→ **Data below**

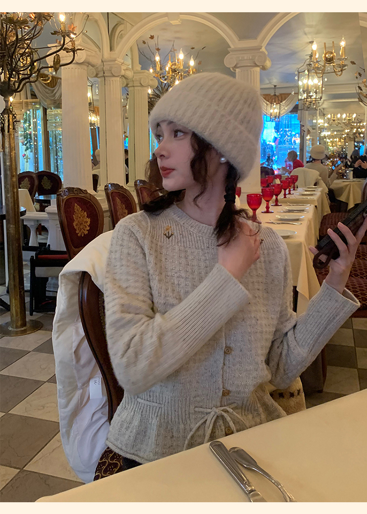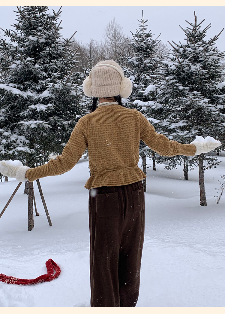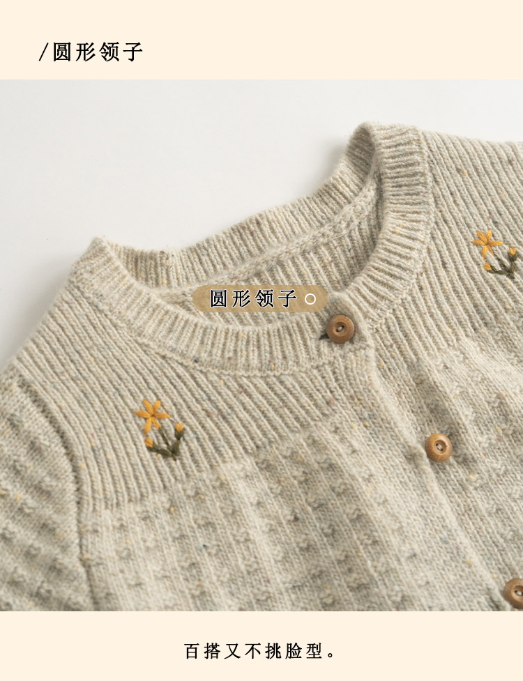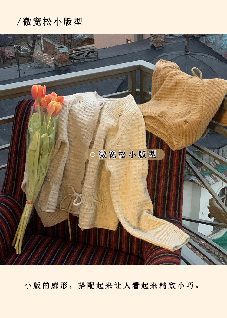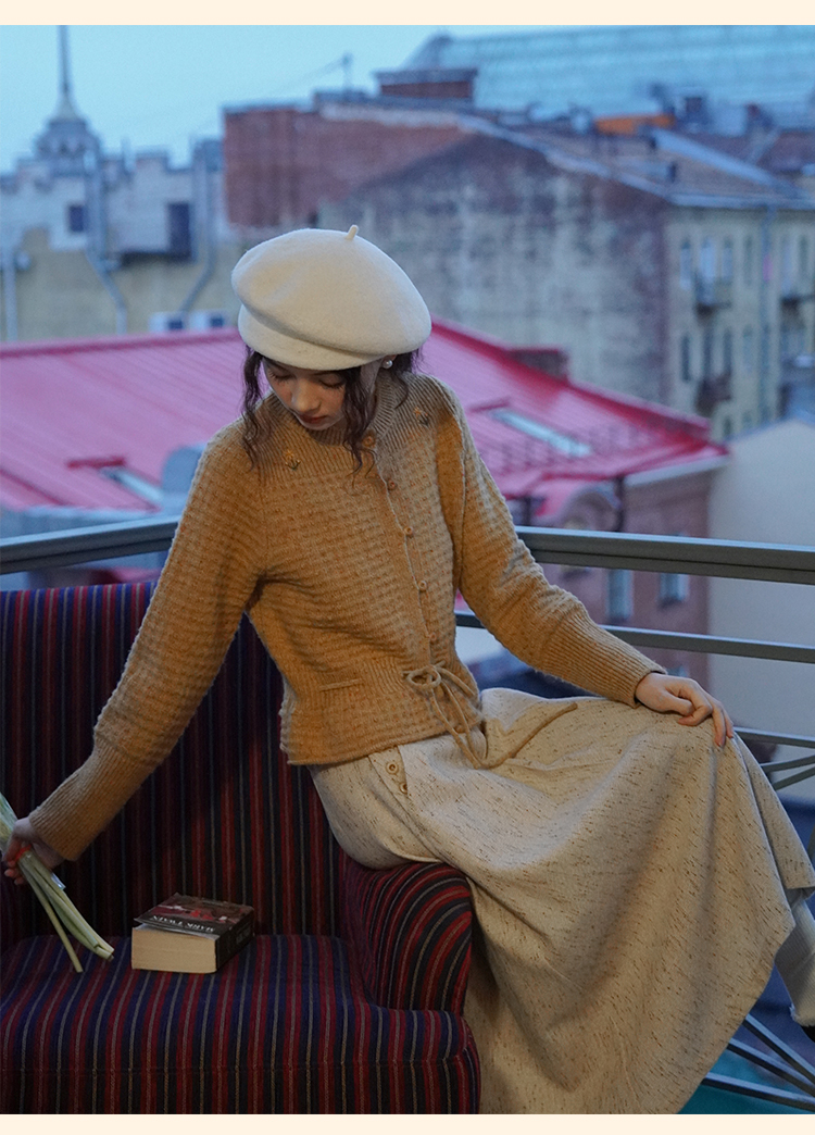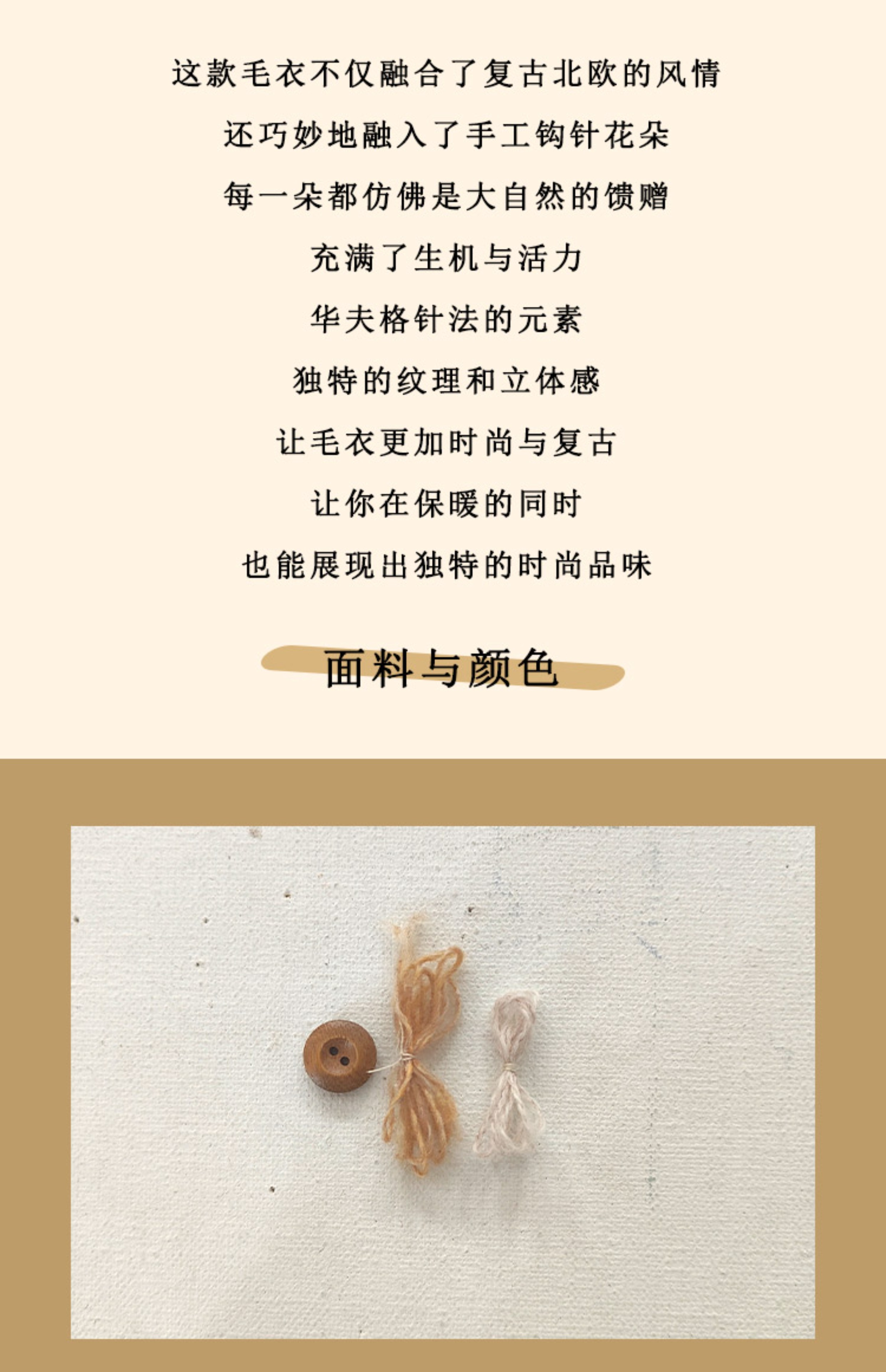 浮生八记/24D207/复古北欧手工钩针花朵华夫格针法系带毛衣
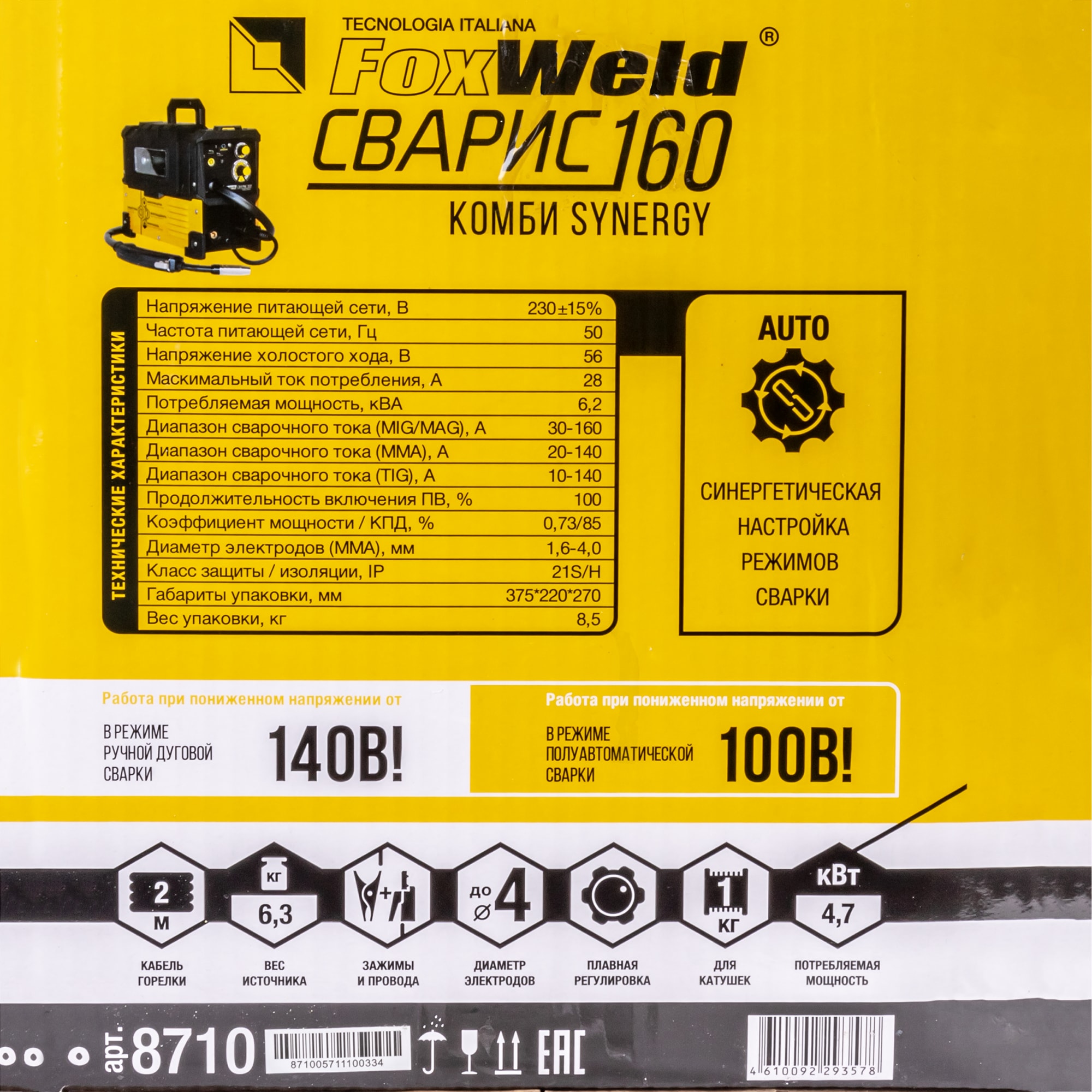 FoxWeld Сварис 160 Комби Synergy - профессиональный сварочный инвертор 83419383 STLM-0041232
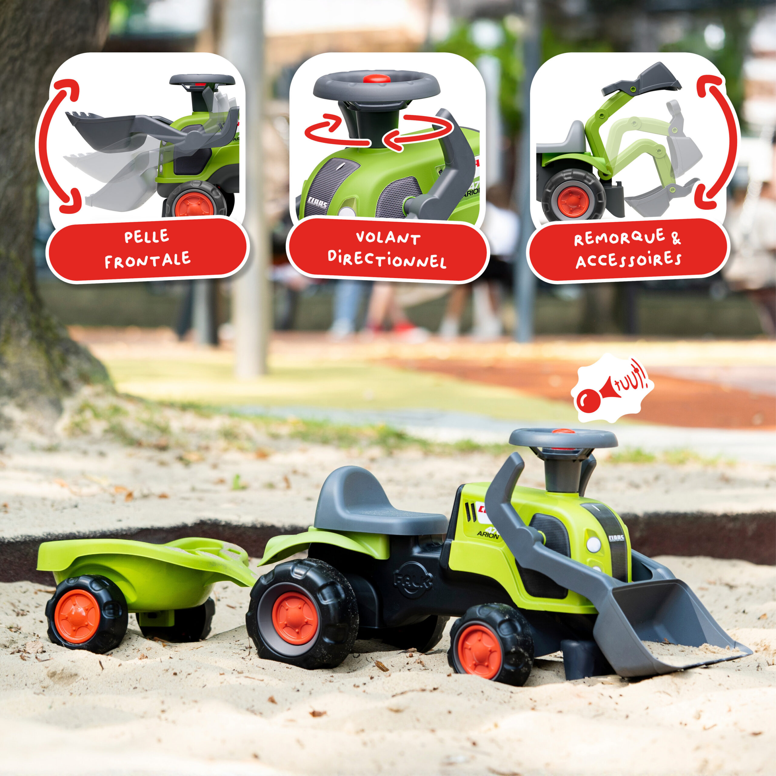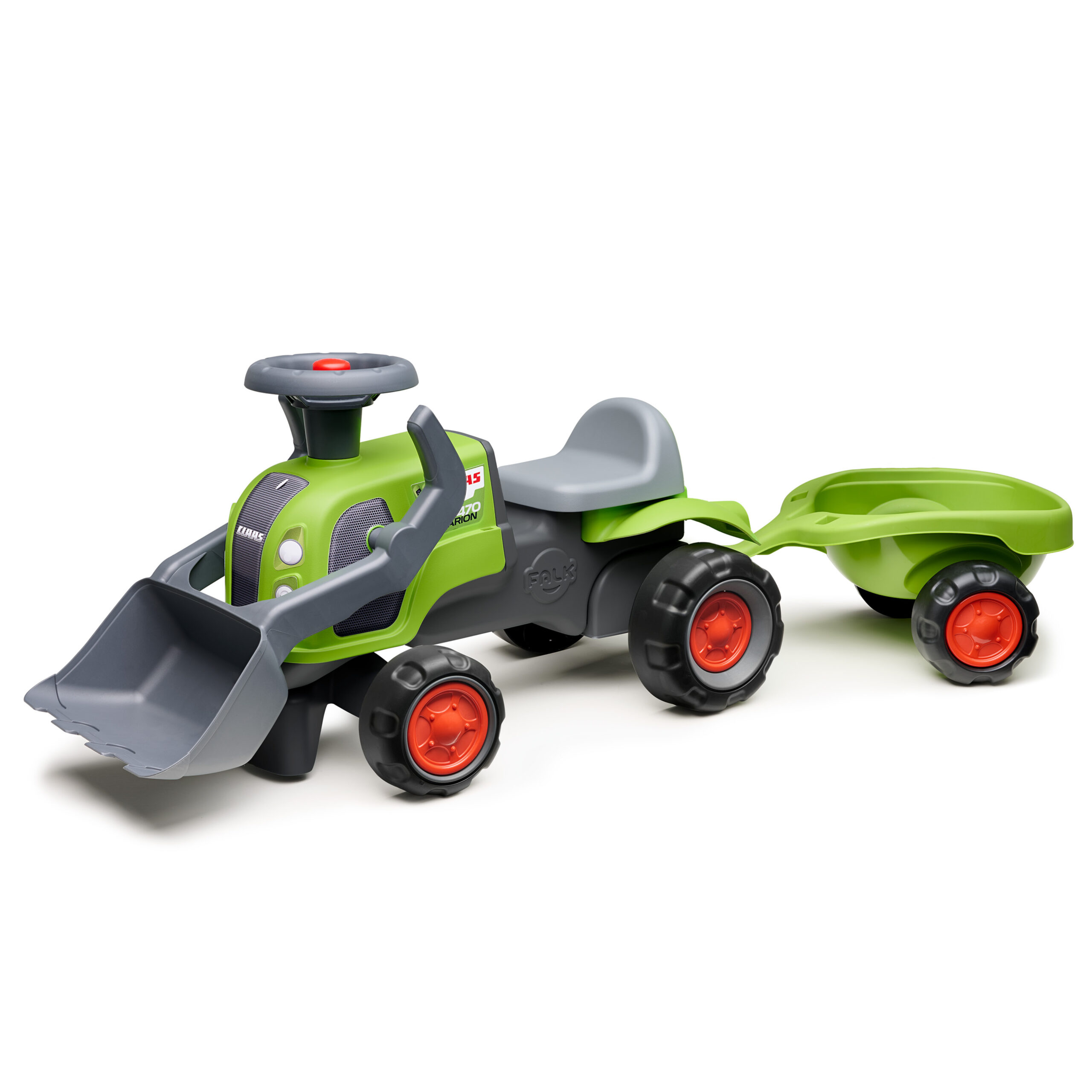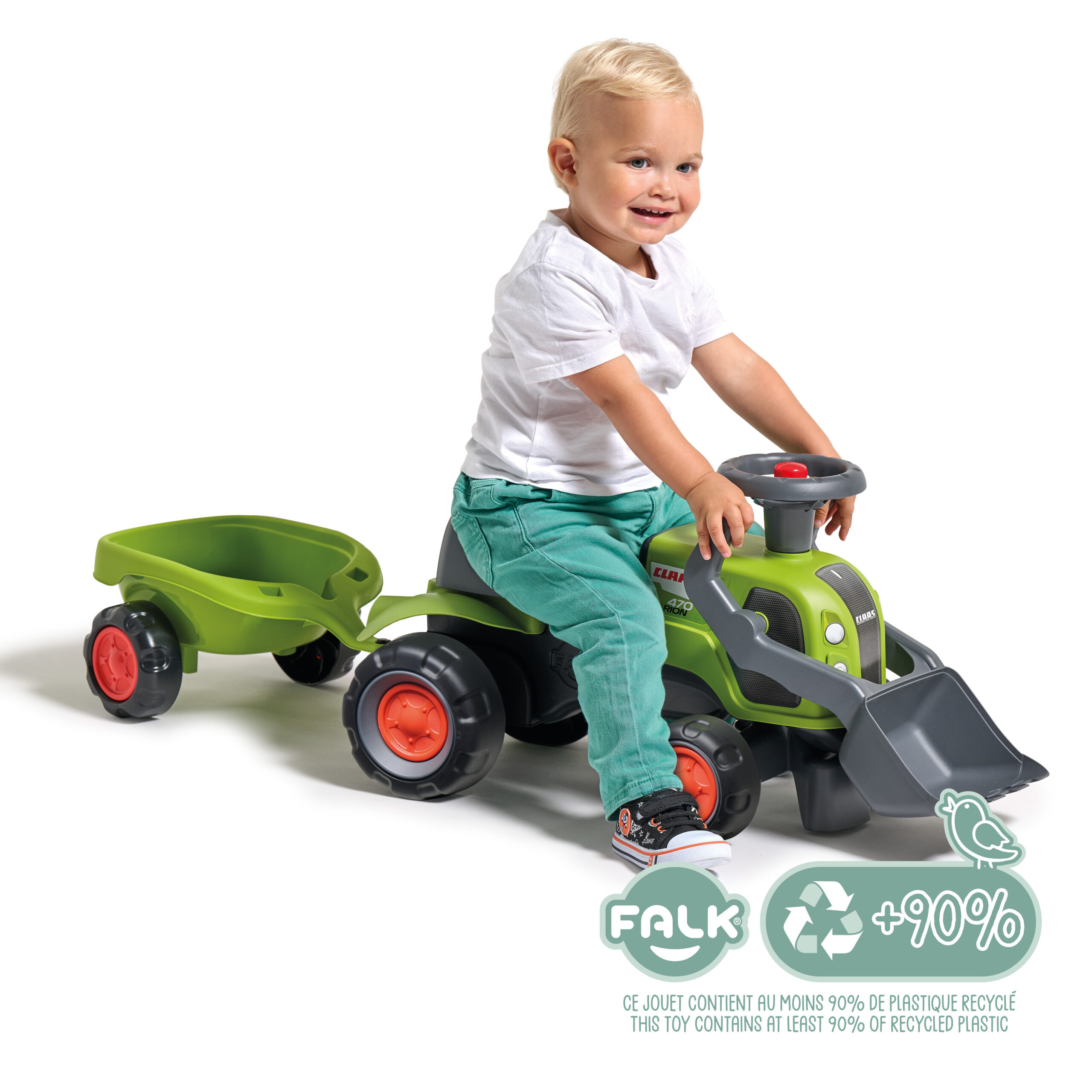 Porteur tracteur Claas 1er âge à volant directionnel avec klaxon, roues silencieuses, pelle frontale et remorque – 100% Fabriqué en France – Composé d’au moins 90% de plastique recyclé – Dès 12 mois.
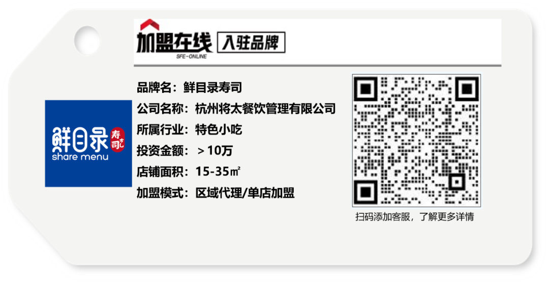【一键加盟】国内熟料寿司连头部品牌,鲜目录年销售超过5亿枚寿司背后的商业密码

→ **What is expected**
Could you return exactly the lines starting with the one that contains "Porteur tracteur Claas" and ending with the last line of the data above? Leave the pictures out.

→ **Output**
 Porteur tracteur Claas 1er âge à volant directionnel avec klaxon, roues silencieuses, pelle frontale et remorque – 100% Fabriqué en France – Composé d’au moins 90% de plastique recyclé – Dès 12 mois.
【一键加盟】国内熟料寿司连头部品牌,鲜目录年销售超过5亿枚寿司背后的商业密码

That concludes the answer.